November 24, 2018 08:59 pm | Updated November 25, 2018 02:03 pm IST - Paris

Error in Nature’s paper warning that oceans were warming quicker was rectified

WALRUS SITS ON A MELTING ICESHELF IN THE CHUKCHI SEA IN THIS JULY 13, 1999 FILE PHOTO. THE EARTH'S ATMOSPHERE IS WARMING FASTER THAN EXPECTED AND EVIDENCE IS MOUNTING THAT HUMAN ACTIVITY IS RESPONSIBLE, THE UNITED NATIONS ENVIRONMENT PROGRAMME SAID JANUARY 22, 2001. THE U.N.'S INTERGOVERNMENTAL PANEL ON CLIMATE CHANGE (IPCC) NOW PROJECTS THE EARTH'S AVERAGE SURFACE TEMPERATURE WILL RISE 1.4 TO 5.8 DEGREES CELSIUS BETWEEN 1990 AND 2100, HIGHER THAN ITS 1995 ESTIMATE OF A ONE TO 3.5 DEGREE RISE. SEA LEVELS ARE PROJECTED TO RISE BETWEEN NINE AND 88 CM (3.54 AND 34.64 INCHES) FROM 1990 TO 2100, POTENTIALLY DISPLACING TENS OF MILLIONS OF PEOPLE, ESPECIALLY IN LOW LYING AREAS SUCH AS THE PEARL RIVER DELTA, BANGLADESH AND EGYPT, IPCC CHAIRMAN ROBERT WATSON SAID. (NO ARK, NO SALES) REUTERS/HO-GREENPEACE/BELTRA

On November 1, AFP joined news outlets around the world in covering the release of a major academic paper warning that our oceans were warming dramatically quicker than previously thought.

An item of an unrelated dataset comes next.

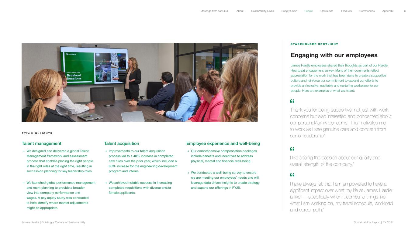 S TA K E H O L D E R S P O T L I G H T Engaging with our employees James Hardie employees shared their thoughts as part of our Hardie Heartbeat engagement survey. Many of their comments reflect appreciation for the work that has been done to create a supportive culture and reinforce our commitment to expand our efforts to provide an inclusive, equitable and nurturing workplace for our people. Here are examples of what we heard: F Y 2 4 H I G H L I G H T S Talent management + We designed and delivered a global Talent Management framework and assessment process that enables placing the right people in the right roles at the right time, resulting in succession planning for key leadership roles. + We launched global performance management and merit planning to provide a broader view into company performance and wages. A pay equity study was conducted to help identify where market adjustments might be appropriate. Talent acquisition + Improvements to our talent acquisition process led to a 48% increase in completed new hires over the prior year, which included a 60% increase for the engineering development program and interns. + We achieved notable success in increasing completed requisitions with diverse and/or female applicants. Employee experience and well-being + Our comprehensive compensation packages include benefits and incentives to address physical, mental and financial well-being. + We conducted a well-being survey to ensure we are meeting our employees’ needs and will leverage data driven insights to create strategy and expand our offerings in FY25. Thank you for being supportive, not just with work concerns but also interested and concerned about our personal/family concerns. This motivates me to work as I see genuine care and concern from senior leadership.” I like seeing the passion about our quality and overall strength of the company.” I have always felt that I am empowered to have a significant impact over what my life at James Hardie is like — specifically when it comes to things like what I am working on, my travel schedule, workload and career path.” 8 James Hardie | Building a Culture of Sustainability Sustainability Repor t | FY 2024 About Sustainability Goals Supply Chain OperationsMessage from our CEO People Products Communities Appendix

The study was undertaken by some of the world’s most pre-eminent climate scientists, using state-of-the-art modelling systems reviewed by their peers, and appeared in Nature, one of the most prestigious academic journals.

There was just one problem: it was wrong.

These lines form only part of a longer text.